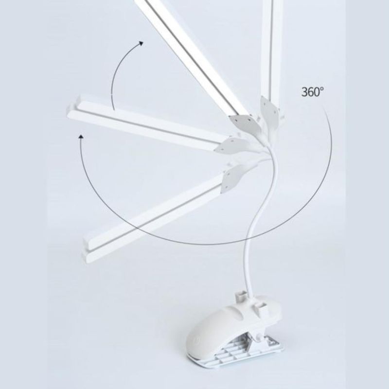 LED настольная USB лампа гибкая, двойная, 1 аккумулятор + прищепкой белая (М) - Цена Недели!
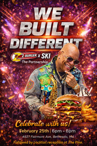 To commemorate the partnership, Z-Burger will host a reception celebration on Wednesday, February 25th from 6:00 PM – 8:00 PM at Veteran's Park, 4827 Fairmont Ave, Bethesda, MD. The evening will continue with an exclusive Cocktail Reception at The Pike, 4906 St. Elmo Ave, Bethesda, MD, bringing together business leaders, media, influencers, and community tastemakers for a night of celebration, networking, and culture.
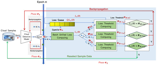 Phase employs three core components for sample difficulty assessment and selection: (1) sample loss computation using Unified Batch Loss (). is formulated as a weighted summation of classification loss, localization loss, and auxiliary loss; it is used to calculate the loss of the currently selected batch, serving as a direct indicator of sample difficulty, and higher values of correspond to more challenging samples; (2) a FIFO-based loss sliding window queue , which maintains the loss values of the most recent w batches; and (3) sample selection threshold calculation. is derived from the -quantile of , determining whether to retain samples for backpropagation. Phases , , and employ distinct thresholds to progressively include harder samples, progressively adjusting sample selection strategies according to the model’s evolving capabilities, and enabling a step-by-step learning process from easy to hard ground-based cloud samples.

**PROBLEM TO WORK ON**
Give the listing above again word for word, without its pictures.

**THE ANSWER**
 LED настольная USB лампа гибкая, двойная, 1 аккумулятор + прищепкой белая (М) - Цена Недели!
 To commemorate the partnership, Z-Burger will host a reception celebration on Wednesday, February 25th from 6:00 PM – 8:00 PM at Veteran's Park, 4827 Fairmont Ave, Bethesda, MD. The evening will continue with an exclusive Cocktail Reception at The Pike, 4906 St. Elmo Ave, Bethesda, MD, bringing together business leaders, media, influencers, and community tastemakers for a night of celebration, networking, and culture.
 Phase employs three core components for sample difficulty assessment and selection: (1) sample loss computation using Unified Batch Loss (). is formulated as a weighted summation of classification loss, localization loss, and auxiliary loss; it is used to calculate the loss of the currently selected batch, serving as a direct indicator of sample difficulty, and higher values of correspond to more challenging samples; (2) a FIFO-based loss sliding window queue , which maintains the loss values of the most recent w batches; and (3) sample selection threshold calculation. is derived from the -quantile of , determining whether to retain samples for backpropagation. Phases , , and employ distinct thresholds to progressively include harder samples, progressively adjusting sample selection strategies according to the model’s evolving capabilities, and enabling a step-by-step learning process from easy to hard ground-based cloud samples.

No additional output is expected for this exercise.